I'm working on a program to solve the n queens problem (the problem of putting n chess queens on an n x n chessboard such that none of them is able to capture any other using the standard chess queen's moves). I am using a heuristic algorithm, and it starts by placing one queen in each row and picking a column randomly out of the columns that are not already occupied. I feel that this step is an opportunity for optimization. Here is the code (in C++):

 vector<int> colsleft;

 //fills the vector sequentially with integer values
 for (int c=0; c < size; c++)
  colsleft.push_back(c);

 for (int i=0; i < size; i++)
 {
  vector<int>::iterator randplace = colsleft.begin() + rand()%colsleft.size();

  /* chboard is an integer array, with each entry representing a row
  and holding the column position of the queen in that row */

  chboard[i] = *randplace;
  colsleft.erase(randplace);
 }

If it is not clear from the code: I start by building a vector containing an integer for each column. Then, for each row, I pick a random entry in the vector, assign its value to that row's entry in chboard[]. I then remove that entry from the vector so it is not available for any other queens.
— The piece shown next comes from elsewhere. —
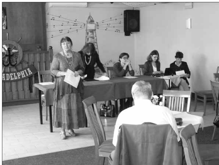
FOTO Z VÝROČNÍ ČLENSKÉ SCHŮZE 26. 4. 2014

I'm curious about methods that could use arrays and pointers instead of a vector. Or <list>s? Is there a better way of filling the vector sequentially, other than the for loop? I would love to hear some suggestions!

Answer 1

Couple of random answers to some of your questions :):

1. As far as I know, there's no way to fill an array with consecutive values without iterating over it first. HOWEVER, if you really just need consecutive values, you do not need to fill the array - just use the cell indices as the values: a[0] is 0 and a[100] is 100 - when you get a random number, treat the number as the value.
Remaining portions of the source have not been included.